Aim of the exercise = Retype the listing found below exactly, but leave out each picture.

Start of Input data

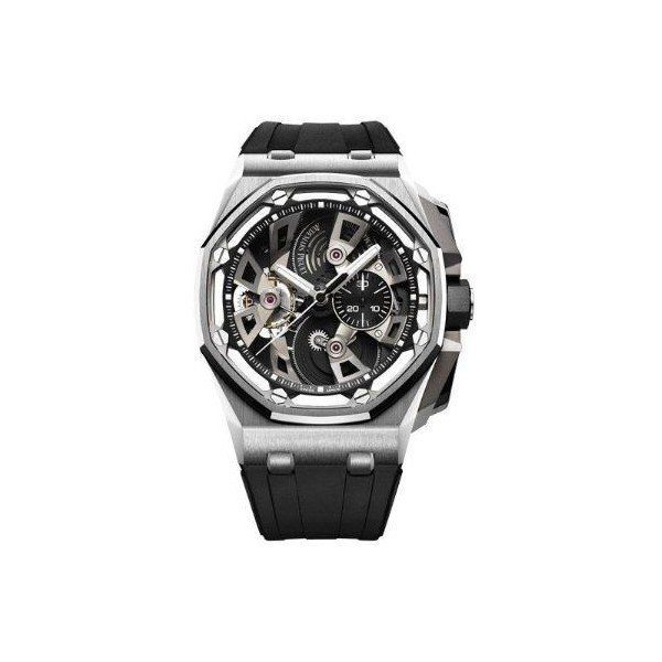 45mm stainless steel case, black dial, transparent case back, manual wind movement, black rubber strap, fixed bezel, scratch resistant sapphire crystal, tang clasp, water resistant to 100m/330ft.
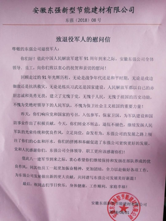 今天迎來中國人民解放軍建軍91周年,安徽東強(qiáng)公司全體領(lǐng)導(dǎo)、員工,向祖國最親愛的子弟兵致以衷心的祝福,同時(shí)向公司退伍軍人表達(dá)親切的慰問。
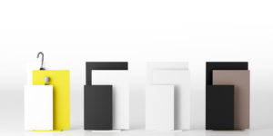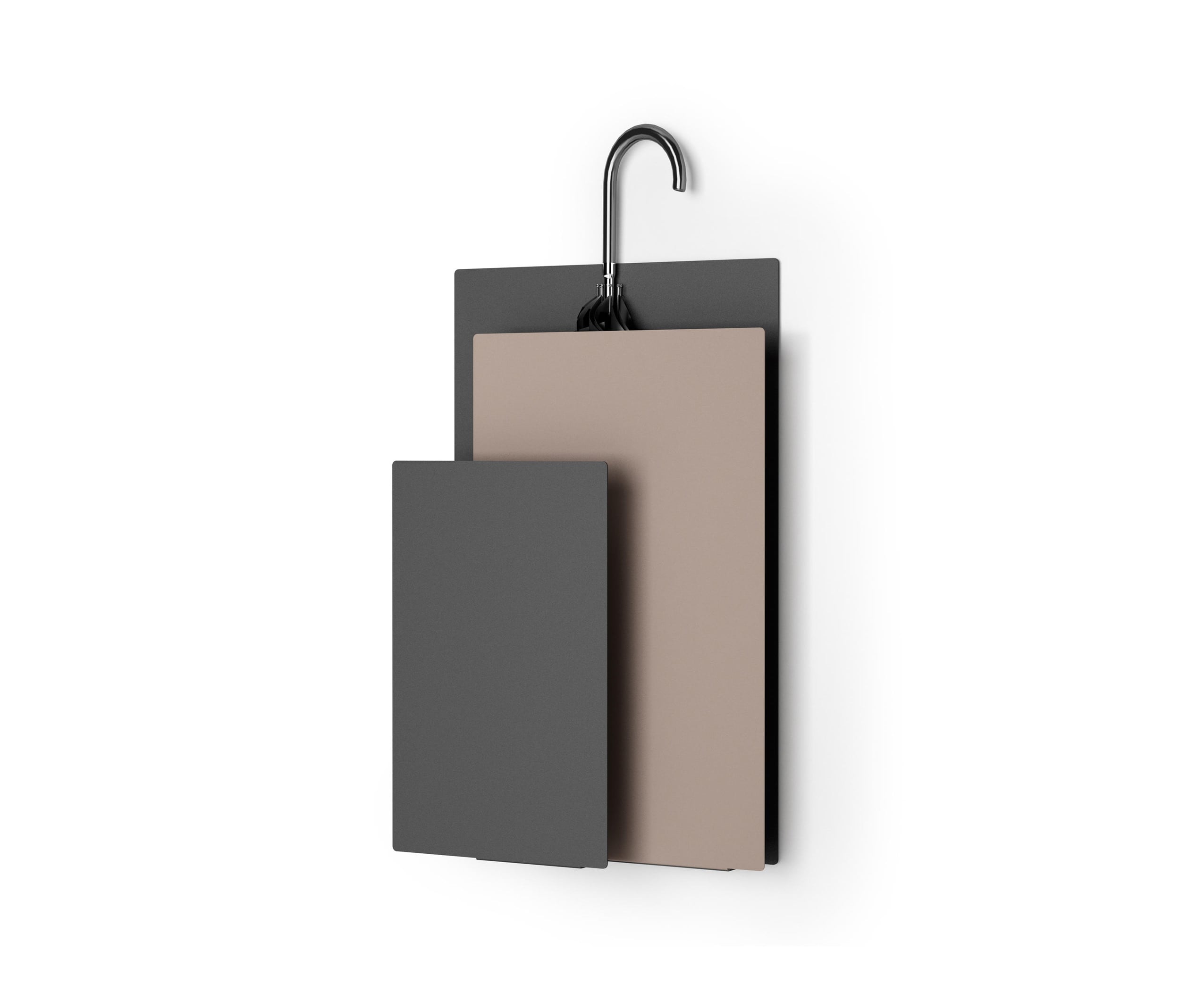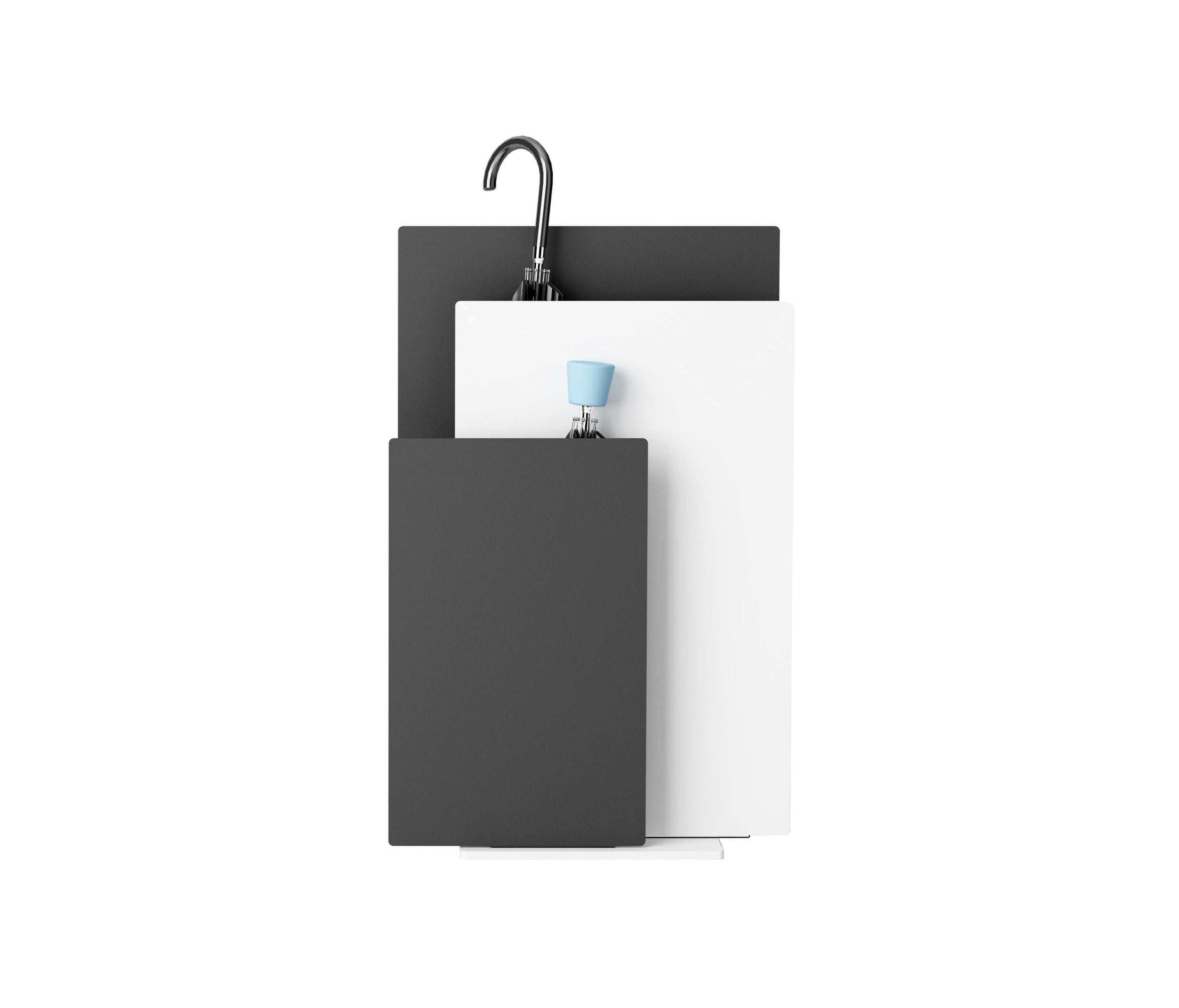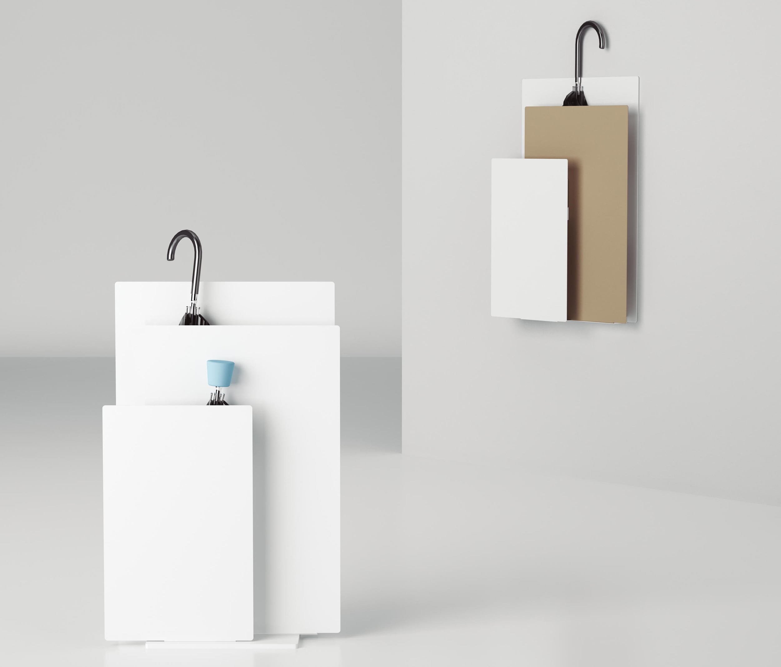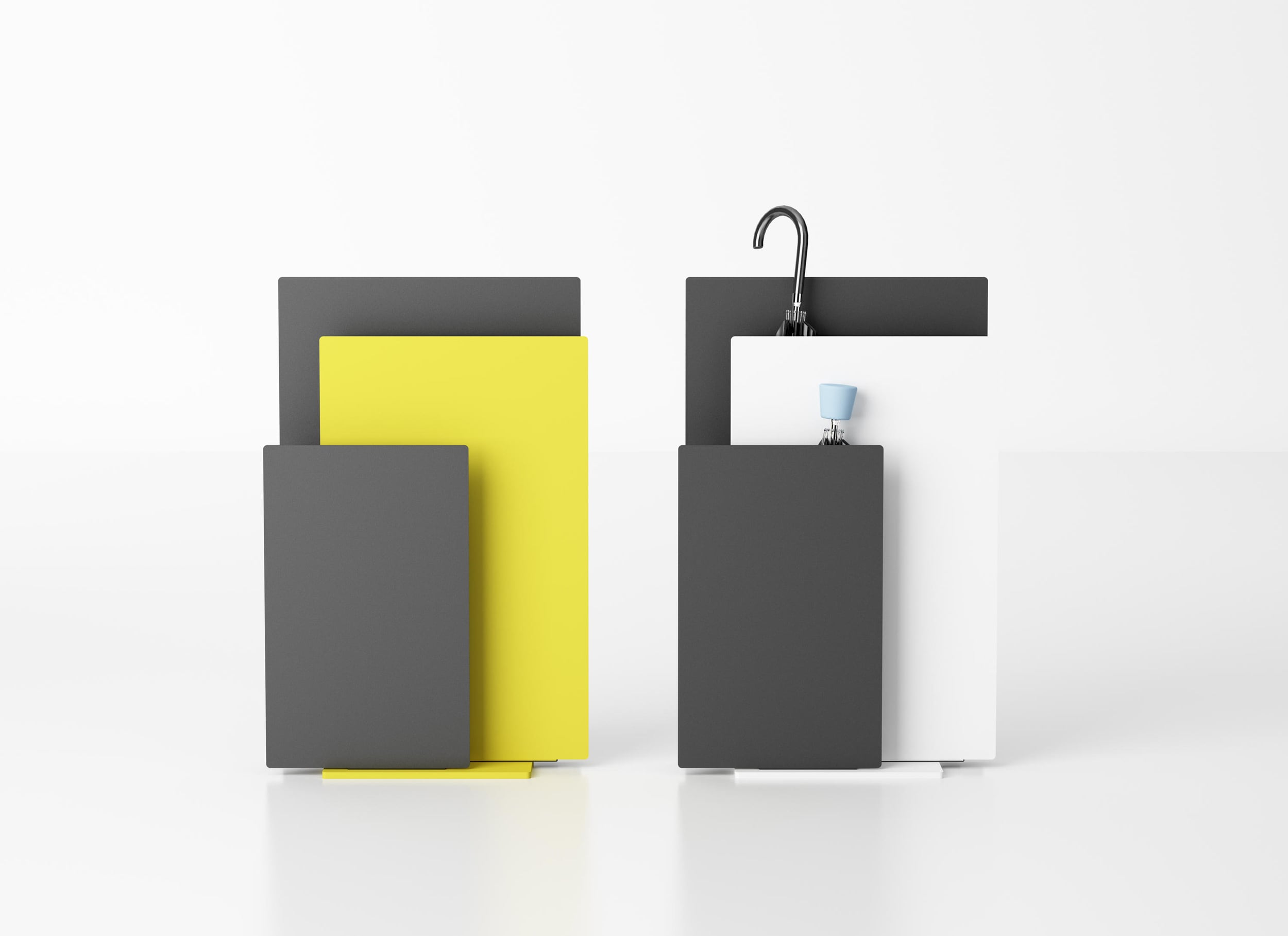 Sou umbrella stand, composed by three painted steel panels is suitable for either large or compact umbrellas. Hidden behind the steel panels are two removable containers for water collection. The smaller one is located behind the front panel, half way up to accommodate folding umbrellas while the larger container is located in the lower part of the back panel specifically for longer umbrellas.

End of Input data

Response to the exercise =
 45mm stainless steel case, black dial, transparent case back, manual wind movement, black rubber strap, fixed bezel, scratch resistant sapphire crystal, tang clasp, water resistant to 100m/330ft.
 今天迎來中國人民解放軍建軍91周年,安徽東強(qiáng)公司全體領(lǐng)導(dǎo)、員工,向祖國最親愛的子弟兵致以衷心的祝福,同時(shí)向公司退伍軍人表達(dá)親切的慰問。
 Sou umbrella stand, composed by three painted steel panels is suitable for either large or compact umbrellas. Hidden behind the steel panels are two removable containers for water collection. The smaller one is located behind the front panel, half way up to accommodate folding umbrellas while the larger container is located in the lower part of the back panel specifically for longer umbrellas.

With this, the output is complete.